I meet Sergei in the outer compartment at the end of the carriage as we approach Ishim. Depending on your choice of time zone, it was a bright and sunny start to the day. Or a bright and sunny start to the afternoon.
Sergei can be a man of few words, but his English is excellent. He breaks it down into two words for me today – “Cold, problem”. I’m not sure at first of the nature of the problem, but I think it is that the carriage outer door has frozen closed. It’s clearly not insurmountable though, as he has a range of heavy metal implements to beat the life out of it until it opens.

My time at Ishim is focused on getting a resupply of water and chocolate, as the stop is only 10 minutes long. Siberian platform shops are a semi-unique phenomenon, and a concept that I think it is safe to say will never catch on with major western retailers. The shop has a window plastered with every item on sale, and a tiny hatch to conduct business though.
A bit of pointing and proffering some Rubles results in a transaction, and the item is passed out to you. Think of it as an outside version of Argos, but without the catalogue. I also bought a freshly cooked doughnut that was stuffed with meat and vegetables. It tasted pretty good, and I conclude that if it is still warm in this climate it must have literally just come out of the oven.

I am nothing but impressed with the restaurant carriage on my train.

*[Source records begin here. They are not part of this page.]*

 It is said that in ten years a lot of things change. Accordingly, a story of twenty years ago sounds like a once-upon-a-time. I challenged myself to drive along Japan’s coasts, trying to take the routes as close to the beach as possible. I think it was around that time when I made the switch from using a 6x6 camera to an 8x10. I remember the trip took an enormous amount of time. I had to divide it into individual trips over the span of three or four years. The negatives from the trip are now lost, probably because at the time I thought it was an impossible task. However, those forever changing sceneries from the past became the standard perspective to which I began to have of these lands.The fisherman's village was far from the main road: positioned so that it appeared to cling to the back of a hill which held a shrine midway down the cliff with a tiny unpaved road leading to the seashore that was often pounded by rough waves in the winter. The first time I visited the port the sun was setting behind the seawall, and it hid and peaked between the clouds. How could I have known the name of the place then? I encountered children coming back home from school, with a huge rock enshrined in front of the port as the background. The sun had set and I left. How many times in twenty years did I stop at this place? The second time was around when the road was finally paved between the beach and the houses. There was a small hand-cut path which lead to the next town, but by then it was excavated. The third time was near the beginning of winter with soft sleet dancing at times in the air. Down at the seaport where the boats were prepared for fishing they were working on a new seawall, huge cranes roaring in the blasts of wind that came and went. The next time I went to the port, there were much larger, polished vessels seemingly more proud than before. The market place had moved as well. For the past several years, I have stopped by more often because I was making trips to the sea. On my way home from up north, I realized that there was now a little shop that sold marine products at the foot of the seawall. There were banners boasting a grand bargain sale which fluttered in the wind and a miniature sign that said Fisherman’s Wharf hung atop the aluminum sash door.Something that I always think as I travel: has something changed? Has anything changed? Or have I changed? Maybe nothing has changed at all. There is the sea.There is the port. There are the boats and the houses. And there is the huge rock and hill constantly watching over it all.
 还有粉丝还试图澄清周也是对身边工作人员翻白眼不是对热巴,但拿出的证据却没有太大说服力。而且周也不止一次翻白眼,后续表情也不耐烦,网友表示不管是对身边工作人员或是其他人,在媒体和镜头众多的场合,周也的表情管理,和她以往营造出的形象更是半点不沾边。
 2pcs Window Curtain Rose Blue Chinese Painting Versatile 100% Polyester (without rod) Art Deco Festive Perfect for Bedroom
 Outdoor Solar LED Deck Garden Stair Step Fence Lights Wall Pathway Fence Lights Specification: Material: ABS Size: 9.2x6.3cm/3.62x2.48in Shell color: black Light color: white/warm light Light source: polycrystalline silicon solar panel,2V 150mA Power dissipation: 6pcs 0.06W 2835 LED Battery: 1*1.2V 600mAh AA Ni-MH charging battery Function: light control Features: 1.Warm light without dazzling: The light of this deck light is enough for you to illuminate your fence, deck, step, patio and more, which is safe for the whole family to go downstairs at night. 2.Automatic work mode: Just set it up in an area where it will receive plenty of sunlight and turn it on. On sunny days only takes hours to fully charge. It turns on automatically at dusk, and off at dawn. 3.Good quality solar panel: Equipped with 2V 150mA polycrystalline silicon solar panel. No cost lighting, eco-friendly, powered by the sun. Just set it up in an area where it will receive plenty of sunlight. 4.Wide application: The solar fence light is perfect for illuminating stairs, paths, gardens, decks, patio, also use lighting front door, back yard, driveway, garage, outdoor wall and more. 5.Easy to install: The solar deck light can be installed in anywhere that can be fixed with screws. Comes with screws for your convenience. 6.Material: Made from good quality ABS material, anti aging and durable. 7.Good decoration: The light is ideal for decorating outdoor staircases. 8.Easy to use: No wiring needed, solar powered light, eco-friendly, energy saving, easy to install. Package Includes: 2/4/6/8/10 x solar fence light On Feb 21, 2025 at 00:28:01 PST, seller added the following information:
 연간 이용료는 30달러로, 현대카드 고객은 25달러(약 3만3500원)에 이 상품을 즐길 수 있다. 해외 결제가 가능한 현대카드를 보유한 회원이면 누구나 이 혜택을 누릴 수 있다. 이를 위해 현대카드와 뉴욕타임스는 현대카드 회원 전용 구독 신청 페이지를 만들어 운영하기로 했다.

My understanding is that these are run as a kind of separate business from the rest of the train and they vary considerably in style, albeit with a common menu. The one on this train is modern, well run and the food is excellent. Chef even added some herbs to my eggs at breakfast yesterday. Real herbs!
Today I have one thing on my mind. That is the possibility of caviar and blinis for brunch. Unfortunately, there can be many things on the menu that are not available, but you never know if you don’t ask, so I head west two carriages and eight doors to find out.